▶ EXERCISE DETAILS
Below are records with pictures. Reproduce exactly the lines from the line with "ПОСТАНОВЛЕНИЕ ГД ФС" to the line with "Bursa’nın İnegöl ilçesinde", inclusive, and leave each picture out.

▶ DATASET EXCERPTS
╔══
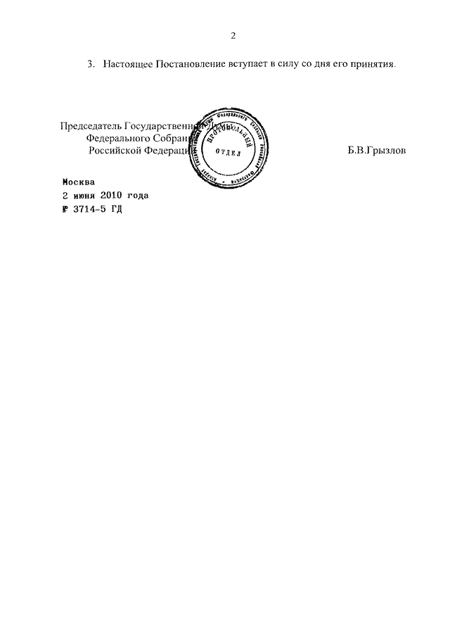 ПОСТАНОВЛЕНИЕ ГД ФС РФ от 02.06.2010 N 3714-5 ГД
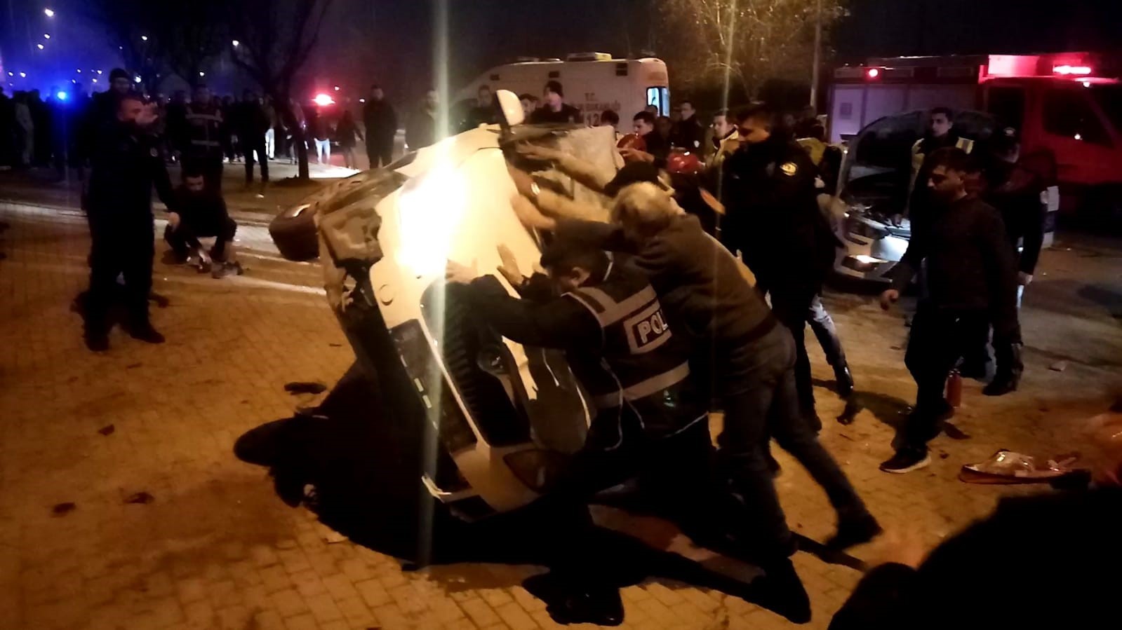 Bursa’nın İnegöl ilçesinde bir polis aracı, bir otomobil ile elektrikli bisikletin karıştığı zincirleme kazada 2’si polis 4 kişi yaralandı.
╚══
╔══
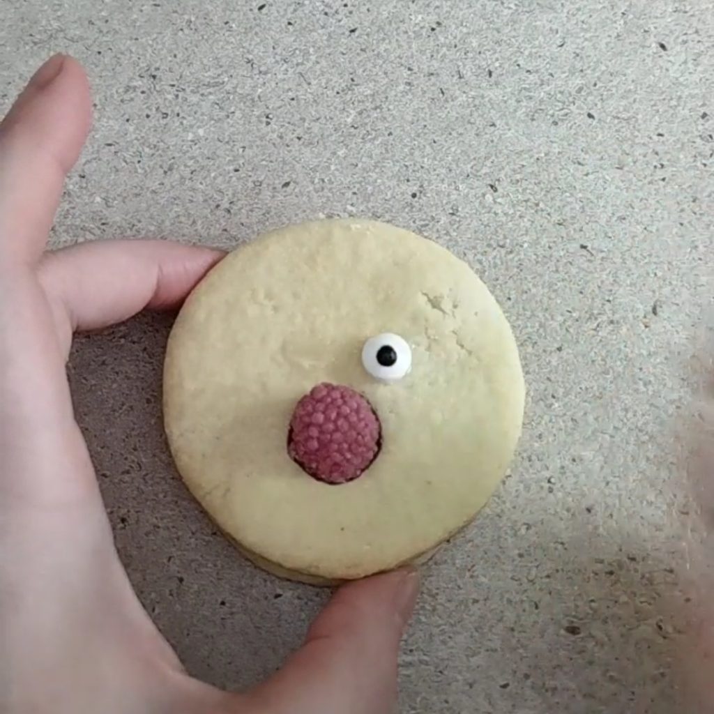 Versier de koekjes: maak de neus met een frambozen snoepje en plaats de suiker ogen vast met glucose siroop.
╚══
╔══
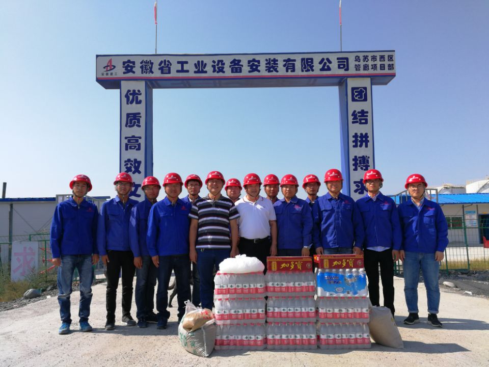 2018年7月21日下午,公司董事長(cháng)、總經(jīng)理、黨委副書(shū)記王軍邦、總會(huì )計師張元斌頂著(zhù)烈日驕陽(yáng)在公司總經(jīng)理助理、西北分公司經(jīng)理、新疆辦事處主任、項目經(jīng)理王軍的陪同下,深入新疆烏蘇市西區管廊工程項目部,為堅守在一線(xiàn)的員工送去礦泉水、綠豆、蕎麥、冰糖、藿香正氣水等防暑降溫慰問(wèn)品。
╚══
▶ EXERCISE SOLUTION
 ПОСТАНОВЛЕНИЕ ГД ФС РФ от 02.06.2010 N 3714-5 ГД
 Bursa’nın İnegöl ilçesinde bir polis aracı, bir otomobil ile elektrikli bisikletin karıştığı zincirleme kazada 2’si polis 4 kişi yaralandı.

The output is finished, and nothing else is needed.